Cuando volvió con la respuesta del padre en la que se indicaba a Harvey que los

esperase en Boston a una hora determinada, encontró a la señorita Kinzey riéndose

sobre los telegramas que iban llegando. Milson se reía también, pues los frenéticos

telegramas que llegaban de Los Ángeles decían: «Queremos saber ¿por qué?, ¿por

qué? ¿por qué? Se produce y desarrolla un malestar general.»

Diez minutos más tarde Chicago apelaba a la señorita Kinzey en los términos

siguientes: «Si se está preparando el crimen del siglo, avisen a los amigos a tiempo.

Nos ponemos a cubierto.»

Sobrepasó este telegrama otro de Topeka 28 (ni el mismo Milson sabía lo que Topeka

tenía que ver con el asunto): «No dispare, coronel. Nos rendimos.»

Cheyne sonrió amargamente ante la consternación de sus enemigos cuando leyó el

montón de telegramas que le presentaron.

-Se creen que estamos en guerra. Milson, dígales que no tenemos ganas de pelear por

ahora. Comuníqueles lo que vamos a buscar. Creo que será mejor que usted y la

señorita Kinzey vengan con nosotros, aunque no es probable que me dedique a

negocios por el camino. Dígales la verdad... por esta vez.

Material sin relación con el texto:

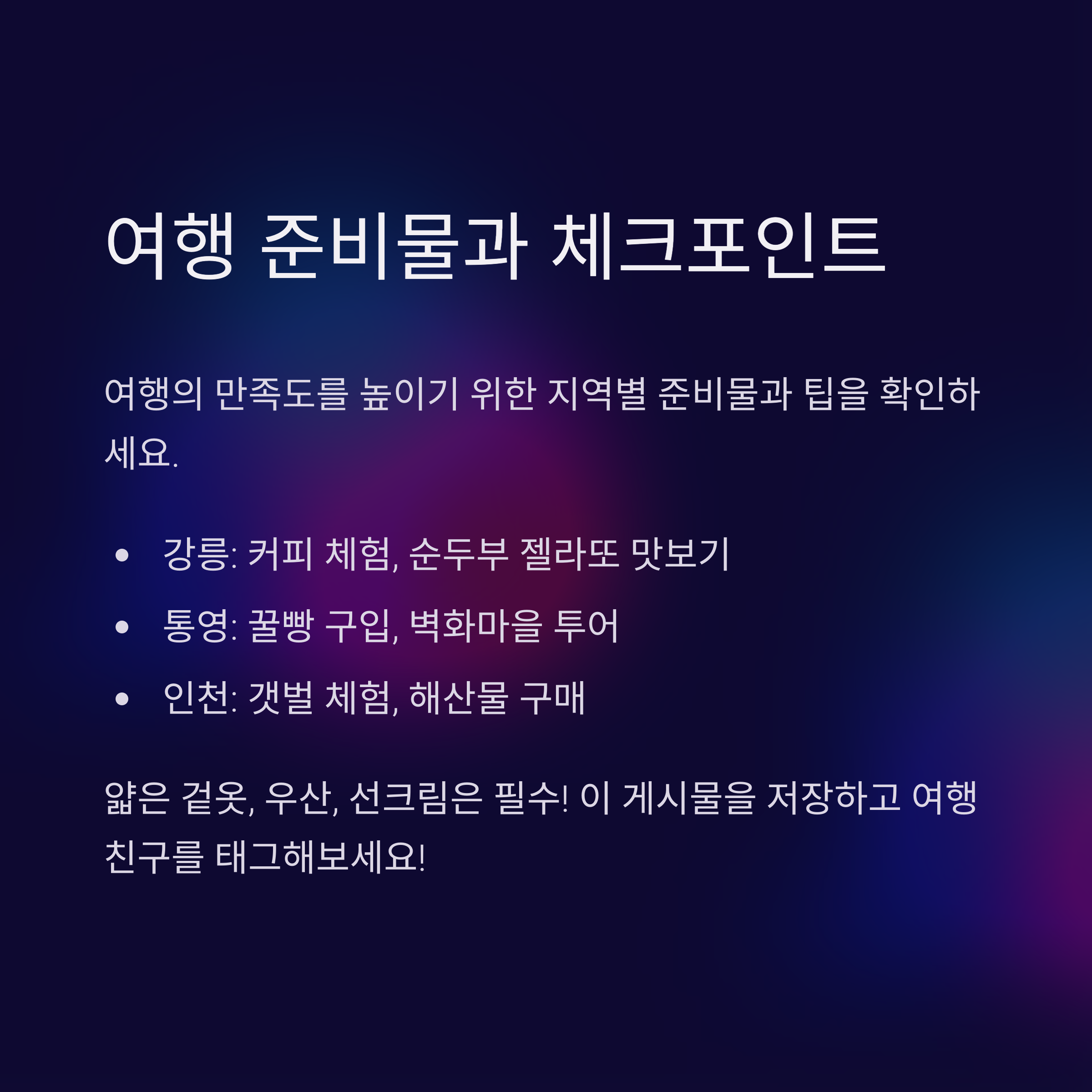 지역별 준비물과 팁을 마지막으로 정리합니다.

Milson les contó verazmente lo que había ocurrido. La señorita Kinzey expresó el

sentimiento en los telegramas explicativos, terminando con la memorable sentencia:

-Tengamos paz.

A tres mil kilómetros de distancia los representantes de sesenta y tres millones de

dólares, ganados manipulando acciones ferroviarias, respiraron tranquilos. Cheyne

volaba para encontrarse con su hijo único, salvado milagrosamente. El oso iba en busca

de su cachorro y no quería encontrarse ahora con los perros de presa. Hombres duros,

que habían sacado el cuchillo para luchar por su vida como financieros, envainaron sus

armas y le desearon buen viaje, mientras otra media docena de aterrorizados

propietarios de líneas de ferrocarril levantaron la cabeza orgullosa y contaron las

maravillosas hazañas que hubieran hecho si Cheyne no hubiera enterrado el hacha de

guerra.

Los telégrafos trabajaron intensamente aquel fin de semana, pues ahora que había

desaparecido la ansiedad, los hombres y las ciudades se daban prisa en cumplir lo

ordenado. Los Ángeles llamó a San Diego y a Barstow para que los ingenieros del

Southern California estuvieran enterados y se prepararan en sus remotas cocheras.